Conheça mais de sua história: https://bit.ly/quiteriapankararu.


Marta Guarani Kaiowá [1942-2003]

Da aldeia Jaguapiru, no Mato Grosso do Sul, Marta Guarani, conhecida como Kunhã Gevy, destacou-se desde jovem na luta contra violências e abusos cometidos contra os povos indígenas da região e foi perseguida pela ditadura militar por defender o acesso à terra e os direitos das mulheres.

Leia mais: https://bit.ly/martaguarani.


Deolinda Prado [1953-2023]

Em Santa Cruz do Turi, no Alto Rio Negro, no Amazonas, nasceu Deolinda Freitas Prado, do Povo Desana, uma das fundadoras da Associação Mulheres Indígenas do Rio Negro (AMARN), com o objetivo de acolher outras mulheres indígenas, como ela, expulsas de sua terra e que chegavam a Manaus.

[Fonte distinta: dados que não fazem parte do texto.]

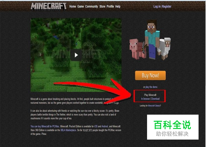在屏幕右侧的 "Play Minecraft"(玩Minecraft)下看到两个链接,一个叫 "In browser" (在浏览器中玩),一个叫 "Download"(下载玩)。点击后者。
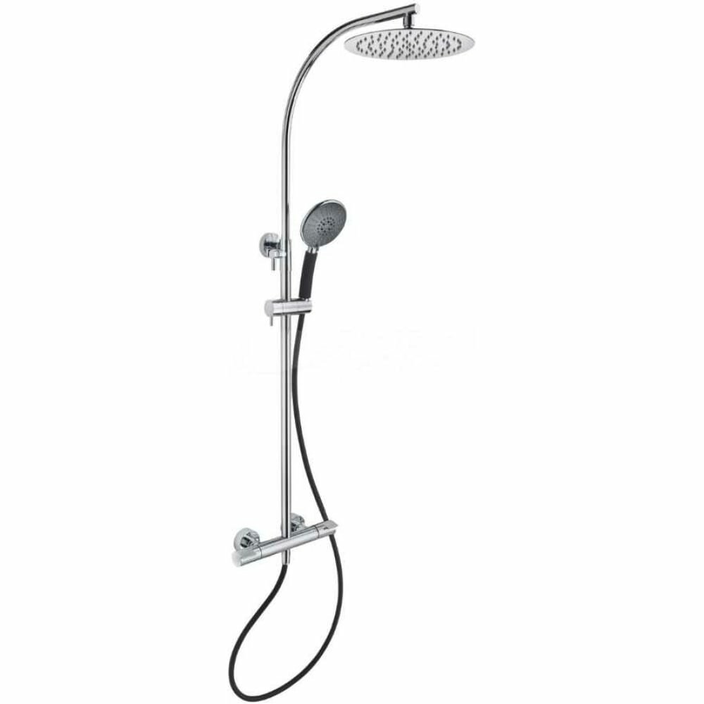 Душевая система / душевая стойка Teka Healthy Chrome Black с термостатическим смесителем для душа / в душевую, хром с черными шлангом и лейкой (5 режимов) (182310200)
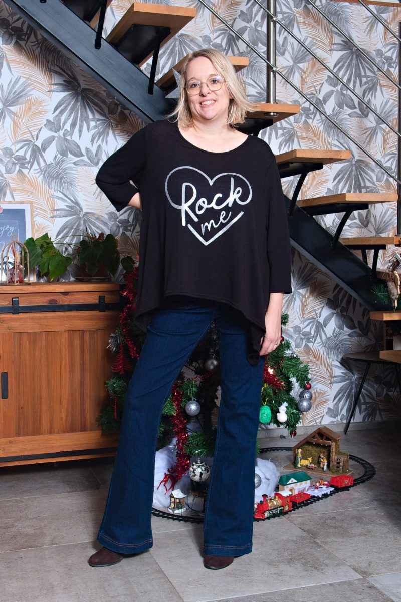 Ce pull manche 3/4 est parfait pour toutes les rockeuses dans l’âme ! Avec son inscription « rock-me », il affiche fièrement notre amour pour la musique. Sa belle finition et sa coupe loose en font un vêtement à la fois stylé et décontracté. Les tombées arrondies ajoutent une petite touche féminine et le rendent très flatteur sur n’importe quelle silhouette. De plus, sa légèreté et son confort en font un choix idéal pour toutes les saisons. Vous ne pourrez plus vous passer de ce pull rock’n’roll !
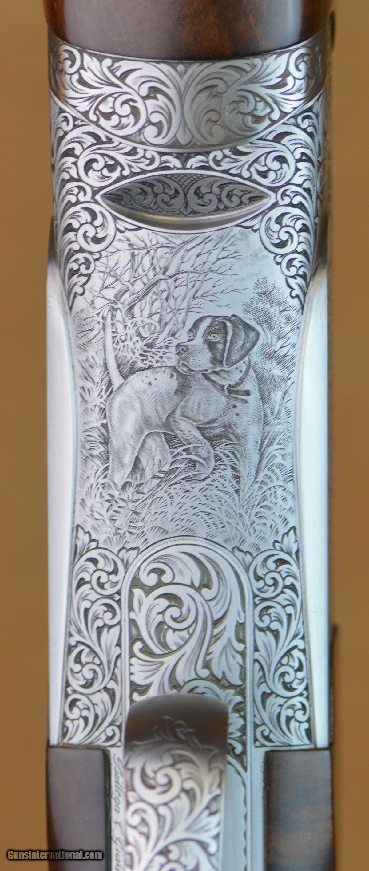 Description: Perazzi MX8/20 SC3 Sporting 20GA with 32" factory choke tubed barrels, 2mm ramped 10x7 tramline rib. Coin finished, fully hand-engraved scaled 20GA action featuring scrolls and game scenes by Italian Master Bottega Giovanelli. Removable selective trigger. Factory adj. comb stock with right-hand palmswell, PSA Pro forearm. Outstanding overall condition with very minor handling marks. Includes factory case, chokes and tools. SOLD |
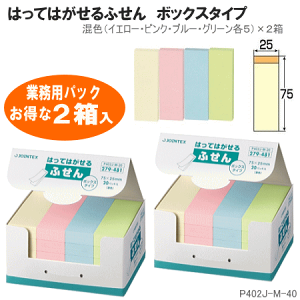 商品名 はってはがせるメモ・ふせん のりつきメモ 混色 ボックスタイプ 2箱 品番 P432J-M-40 サイズ メモ:縦75×横25mm、箱(1箱):幅105mm×奥行き80mm×高さ56mm、 仕様 入数:100枚×40パッド 、...
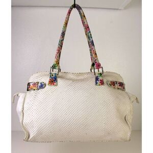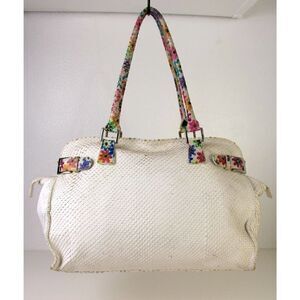SONDRA ROBERTS SNAKE EMBOSSED WHITE GENUINE LEATHER HOBO TOTE SHOULDER BAG PURSE
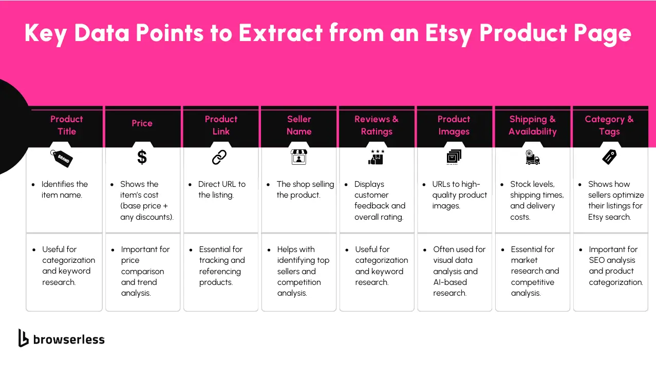 Etsy contains valuable information that can be extracted, including product listings, seller details, customer reviews, pricing, and category data. This data is useful for market research, price tracking, and trend analysis.
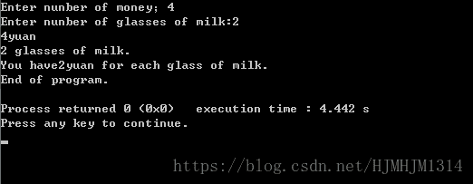 - cout<< money<<"yuan"<< endl<<milk<<" glasses of milk."<< endl<<"You have"<<dpg<<"yuan for each glass of milk."<< endl;
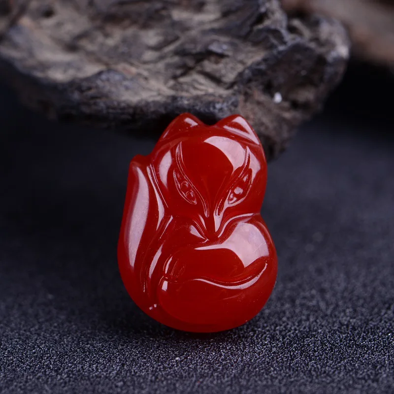 KYSZDL красивый красный камень резной кулон лисы для мужчин и женщин Модный кристалл благоприятный кулон ожерелье ювелирные изделия подарки
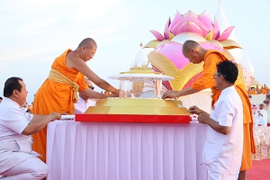 In addition, Phra Kru Palad Rattanawirovatan, the Abbot of Wat Phra Dhammakaya, spoke about the importance of the chedi, stating that the Buddha Relics are part of the Buddha’s physical body and serve as a symbol of the Buddha’s wisdom, purity, and compassion. The relics confirm the true existence of the Buddha and symbolize the presence of Buddhism. They also serve as an anchor for the minds of Buddhists worldwide, reminding us not to be heedless in life. We are reminded that even the Buddha, who is filled with great virtues, had to pass away and enter nirvana. Now, we remind everyone to strive for their own benefit and the benefit of others, with mindfulness and diligence.
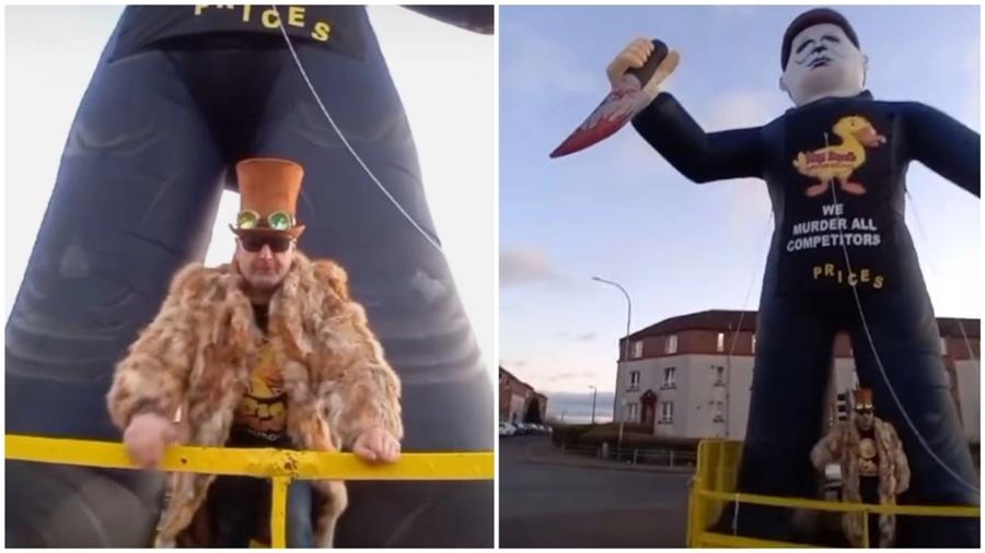 Ένας Σκωτσέζος επιχειρηματίας θέλησε να προωθήσει την επιχείρησή του με έναν πρωτότυπο – αλλά εξαιρετικά ατυχές – τρόπο. Παρήγγειλε μια πλαστική κούκλα ύψους 10 μέτρων, εμπνευσμένη από τον χαρακτήρα Mike Myers της ταινίας τρόμου «Halloween», κρατώντας ένα ματωμένο μαχαίρι και φορώντας μπλούζα που έγραφε: «Δολοφονήσαμε όλους τους ανταγωνιστές… στις τιμές».
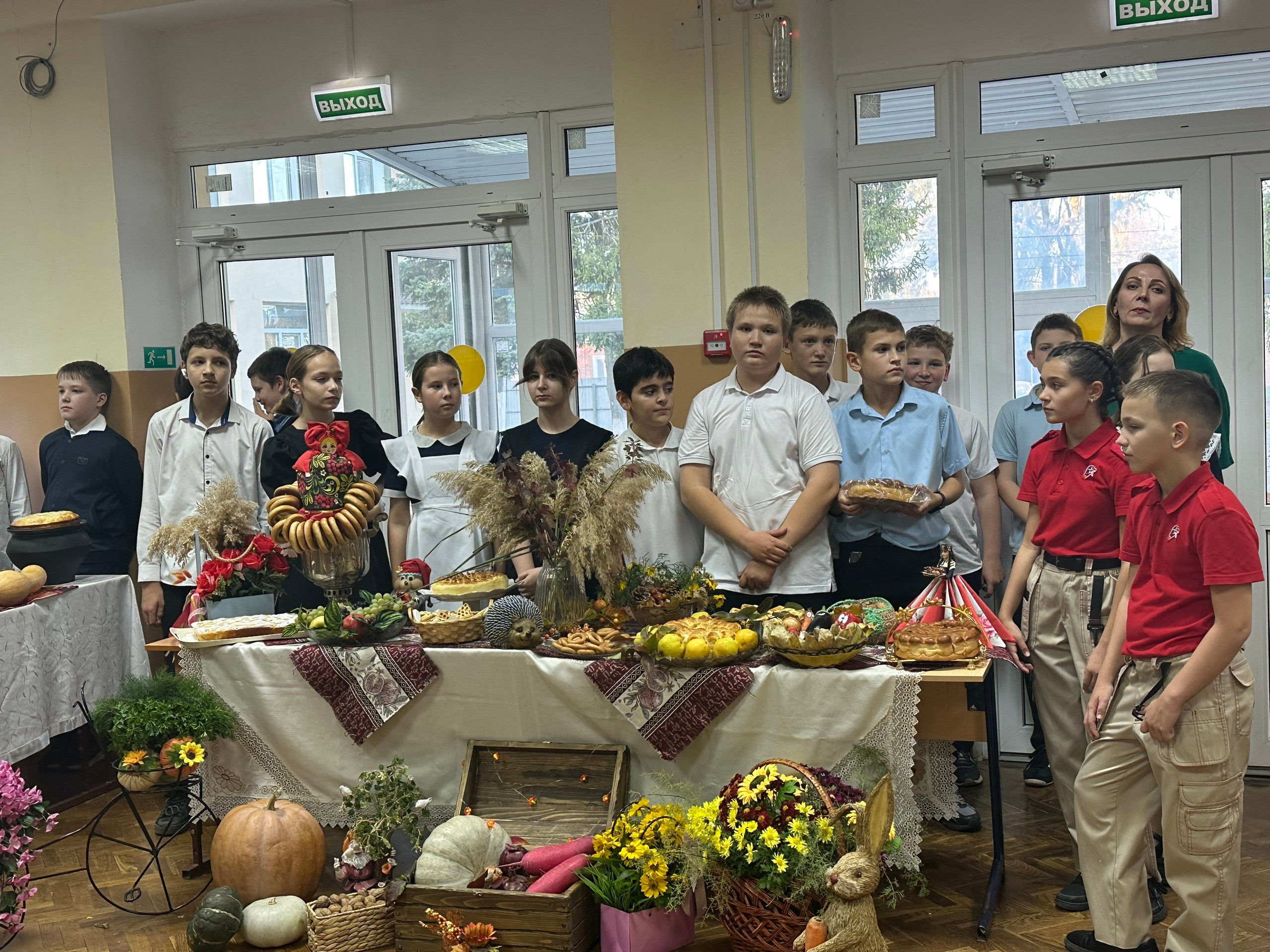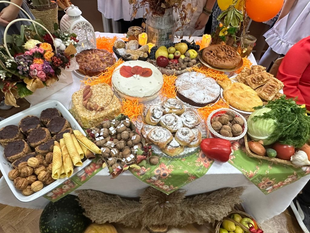 На столах красовались яркие овощные и фруктовые композиции, аппетитные блюда и осенние декорации, созданные с любовью.

Participou ativamente das discussões da Constituinte de 1988.

Leia mais: https://bit.ly/deolindaprado.


Andila Kaingáng [1954]

Nascida na Reserva Indígena Carreteiro, no Rio Grande do Sul, Andila é educadora, escritora, contadora de histórias e artesã. Além do envolvimento na educação escolar indígena, atuou como liderança no processo de retomadas de terra, inspirada por seu pai, Cacique Manoel Inácio.

Leia mais: https://bit.ly/andilakaingang.


Chiquinha Paresí [1960]

Professora desde 1977 e doutora em Antropologia Social pelo Museu Nacional da UFRJ, Francisca Navantino Pinto de Ângelo nasceu na Aldeia Rio Formoso, do Povo Paresí, em Tangará da Serra (Mato Grosso). É conhecida como liderança aguerrida na defesa da educação diferenciada indígena e dos direitos originários.